→ **The task**: Please, could you print all the lines below exactly, leaving out the pictures?

→ **Collected material**:
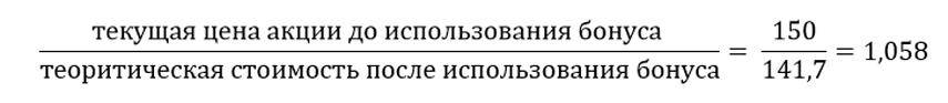 Действовать следует в несколько этапов. Первым делом я рассчитаю теоретическую цену для акционера, когда он воспользуется своим бонусом.
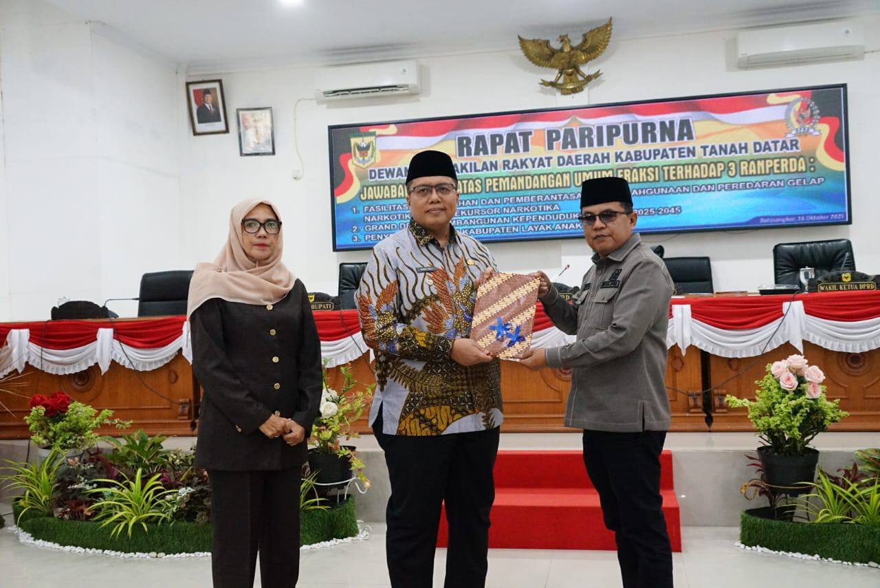 TANAH DATAR – Dewan Perwakilan Rakyat Daerah (DPRD) Kabupaten Tanah Datar menggelar Rapat Paripurna tentang Jawaban Bupati atas Pemandangan Umum Fraksi DPRD terhadap tiga Rancangan Peraturan Daerah (Ranperda), Kamis (15/10/2025) di ruang sidang utama gedung DPRD setempat.
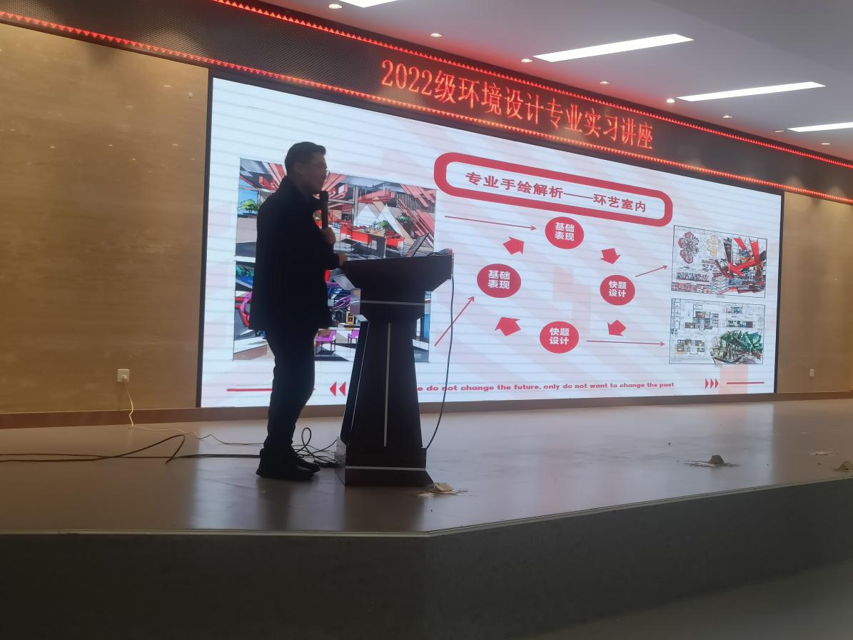 为了拓宽学生的视野、提高专业认知、明确就业方向,2024年12月13日晚19:00-20:30在自力楼三楼报告厅,环境设计专业邀请俄罗斯国立工艺美术大学设计博士、河南风暴教育科技有限公司总经理、深圳朗泽装饰集团创意设计总监路伟杰老师到校为环境设计专业学生开展关于俄罗斯建筑设计发展现状及考研就业相关的讲座。路博士不仅在考研就业方面有丰富的教学经验,也参与了很多实际的设计项目,实践经验和教学经验比较丰富。本次讲座有环境设计专业教研室主任马前进主持,22环设1-11班和24环设专升本1-2班共429名学生和教研室教师参加,共同探讨俄罗斯建筑设计的最新动态以及环境设计专业考研就业前景。
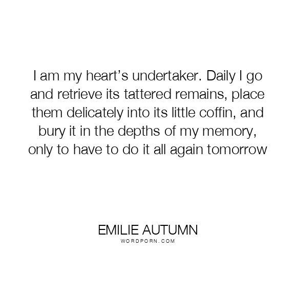 I am my heart’s undertaker. Daily I go and retrieve its tattered remains, place them delicately into its little coffin, and bury it in the depths of my memory, only to have to do it all again tomorrow

→ **Response area**:
 Действовать следует в несколько этапов. Первым делом я рассчитаю теоретическую цену для акционера, когда он воспользуется своим бонусом.
 TANAH DATAR – Dewan Perwakilan Rakyat Daerah (DPRD) Kabupaten Tanah Datar menggelar Rapat Paripurna tentang Jawaban Bupati atas Pemandangan Umum Fraksi DPRD terhadap tiga Rancangan Peraturan Daerah (Ranperda), Kamis (15/10/2025) di ruang sidang utama gedung DPRD setempat.
 为了拓宽学生的视野、提高专业认知、明确就业方向,2024年12月13日晚19:00-20:30在自力楼三楼报告厅,环境设计专业邀请俄罗斯国立工艺美术大学设计博士、河南风暴教育科技有限公司总经理、深圳朗泽装饰集团创意设计总监路伟杰老师到校为环境设计专业学生开展关于俄罗斯建筑设计发展现状及考研就业相关的讲座。路博士不仅在考研就业方面有丰富的教学经验,也参与了很多实际的设计项目,实践经验和教学经验比较丰富。本次讲座有环境设计专业教研室主任马前进主持,22环设1-11班和24环设专升本1-2班共429名学生和教研室教师参加,共同探讨俄罗斯建筑设计的最新动态以及环境设计专业考研就业前景。
 I am my heart’s undertaker. Daily I go and retrieve its tattered remains, place them delicately into its little coffin, and bury it in the depths of my memory, only to have to do it all again tomorrow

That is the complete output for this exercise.